Am Mon, Jul 03, 2023 at 07:37:44AM +0600 schrieb NRK:
> On Sun, Jun 25, 2023 at 01:26:20PM -0400, Rich Felker wrote:
> > A cleaner approach might be a union where the presence of the unsigned
> > union member yields the alignment.
>
> Slightly off-topic, but do you know if this is a standardized guarantee
> or not?  While I'm aware that this works in practice - sometime ago I
> was looking into the standard (c99 IIRC) to see if there's anything that
> actually guarantees that or not and couldn't find anything concrete.
>
> - NRK

So this question was rolling around in my head for a while, and I
decided to finally look it up. And found something.

Basically, I wondered how the behavior could possibly be otherwise. In
this case, how could a union possibly have a smaller alignment
requirement that one of its members? This cannot work with just special
handling for union members, since you can create a pointer to the union
member, and then access to the pointer must work correctly, so the
pointer must be correctly aligned.

The only way I could think of would be to have dynamic padding at the
start of the union. Then you could have a union with smaller alignment
than one of its members, although the offset of that member would not be
a constant. Is that allowed?

Grepping through the standards draft (n3096 in this case) I first found
6.5.8.6, which states, among other things:

| All pointers to members of the same union object compare equal.

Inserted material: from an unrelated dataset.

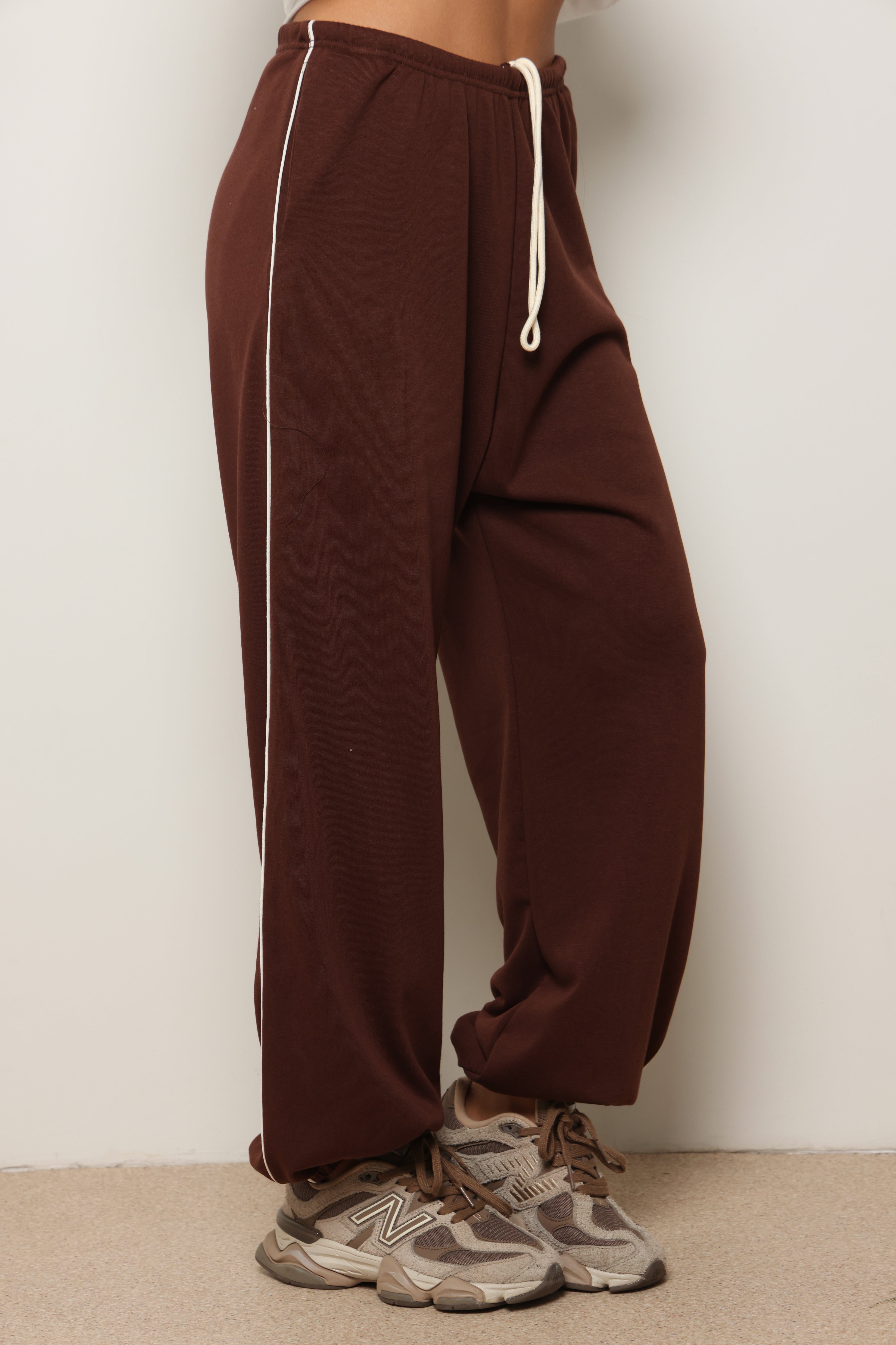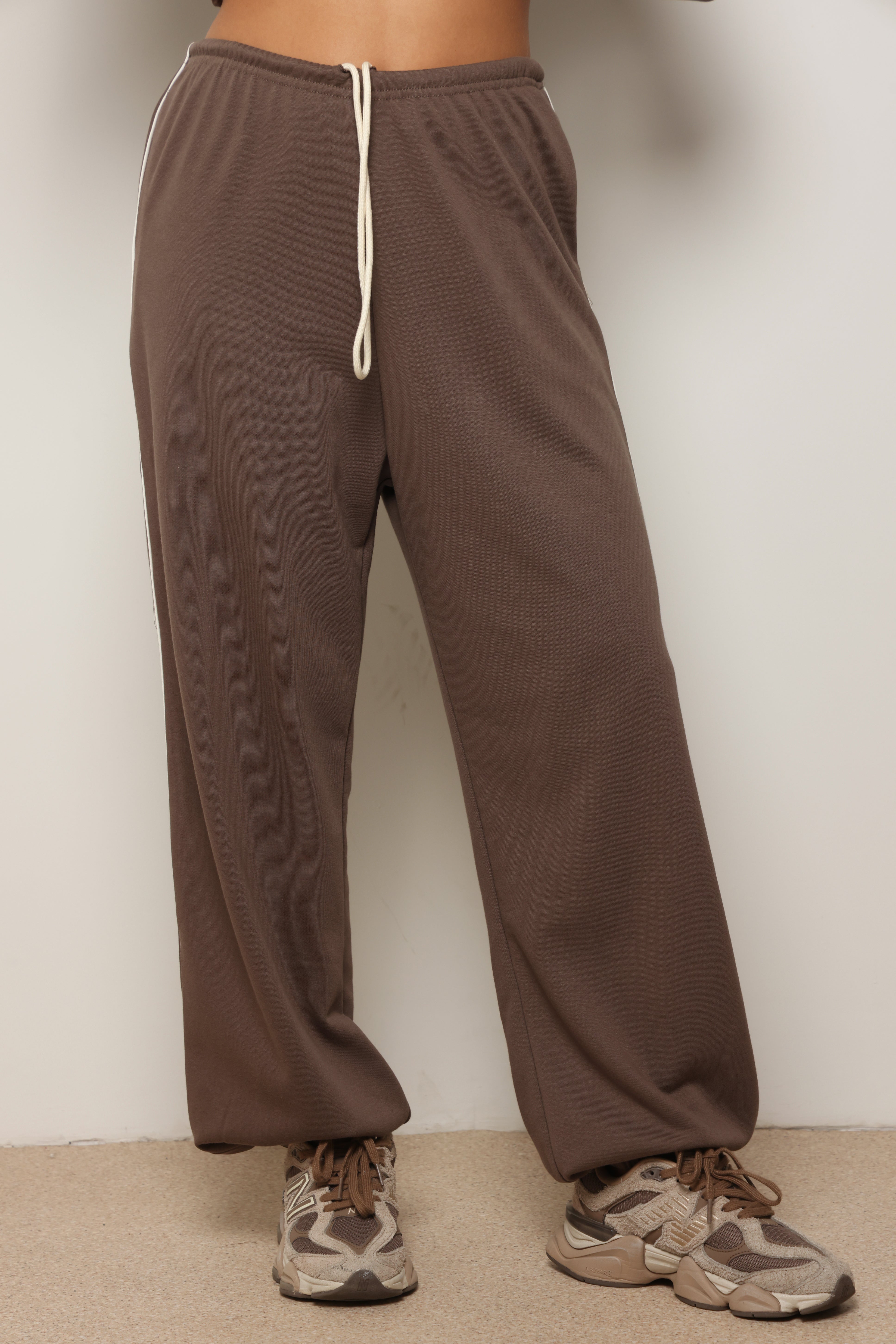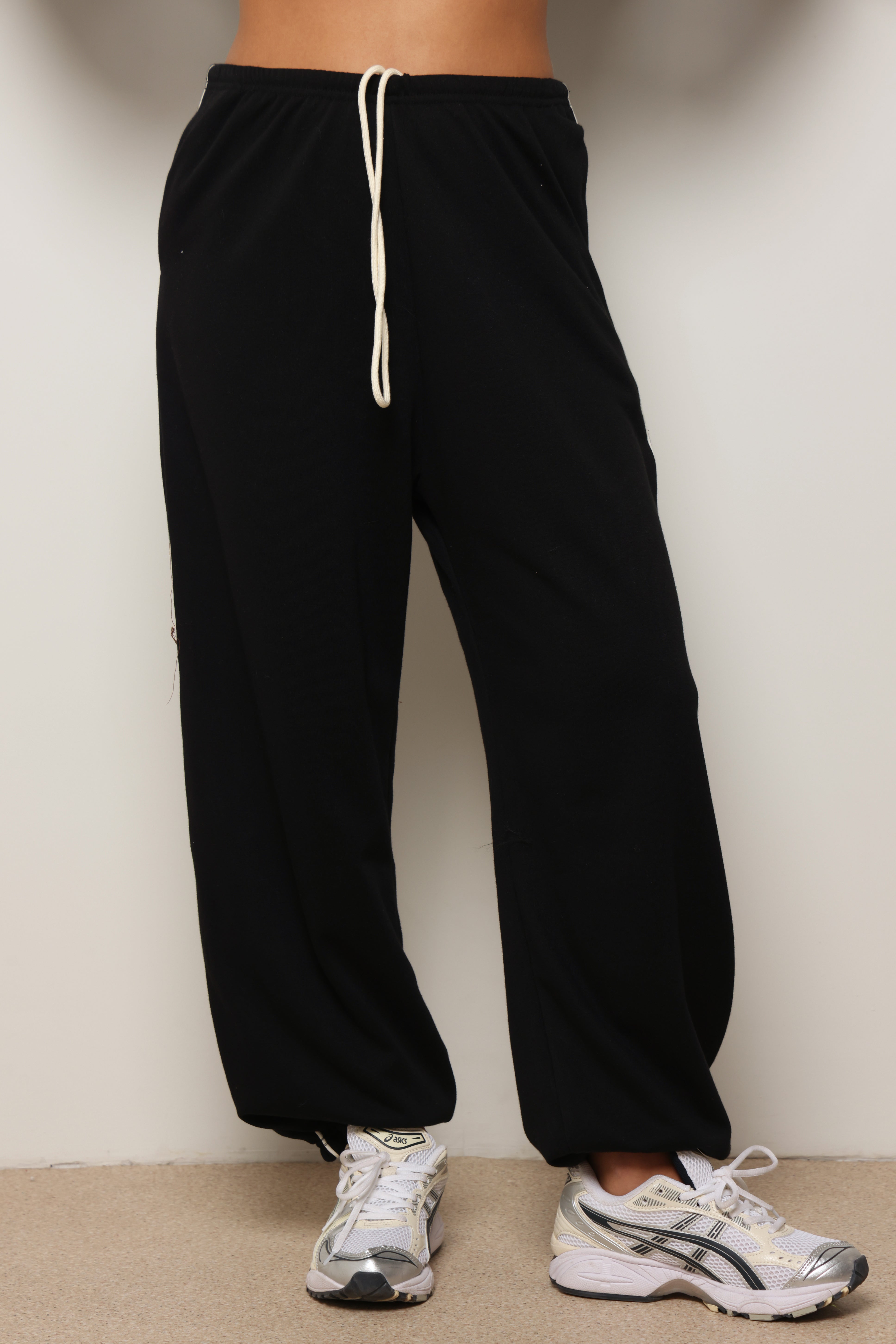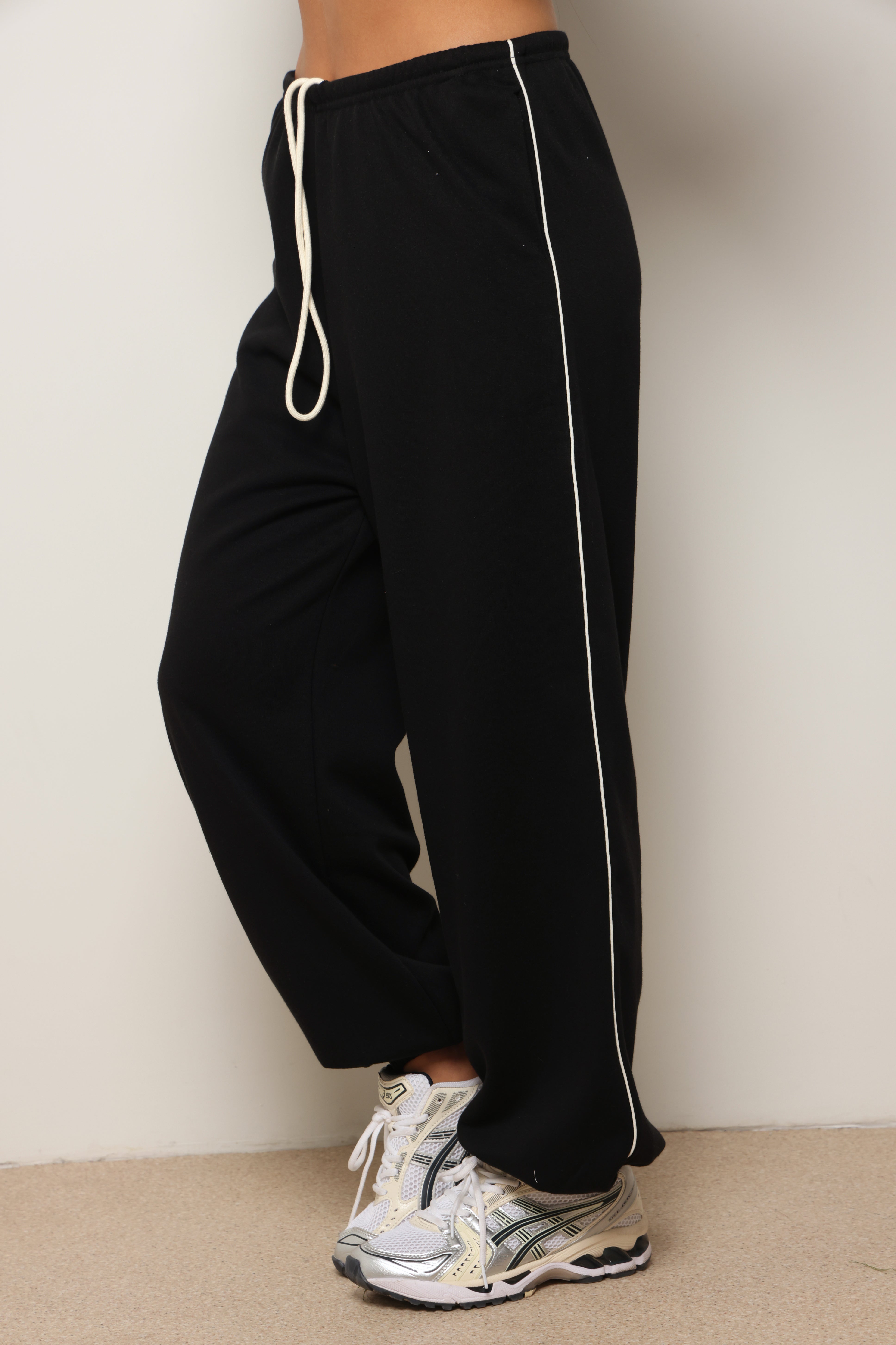 מכנסיים מבד פרנצ'טרי עם פס לאורך ושרוך קשירה.

Already the alignment thing has been encoded here: If you have a union,
and it contains an unsigned and something else, the pointer to the
unsigned must be aligned according to the requirement for unsigned (else
it would not be a requirement). But then all other members must also be
at least as aligned as the unsigned.

Then I got to 6.7.2.1.18, which states, among other things

| A pointer to a union object, suitably converted, points to each of its
| members. [...] There may be unnamed padding at the end of a union
| object, but not at its beginning.

And there you have it. There can also be no padding at the start. If I
dug further, I would probably find that the layout of a union can also
not change dynamically, but I shall leave it at that.

Basically, ABIs only have the choice to make unions have the maximum
alignment of any of its members, or else always have unions have the
maximum alignment used on the platform. In any case, a union containing
an unsigned must be at least as aligned as the unsigned.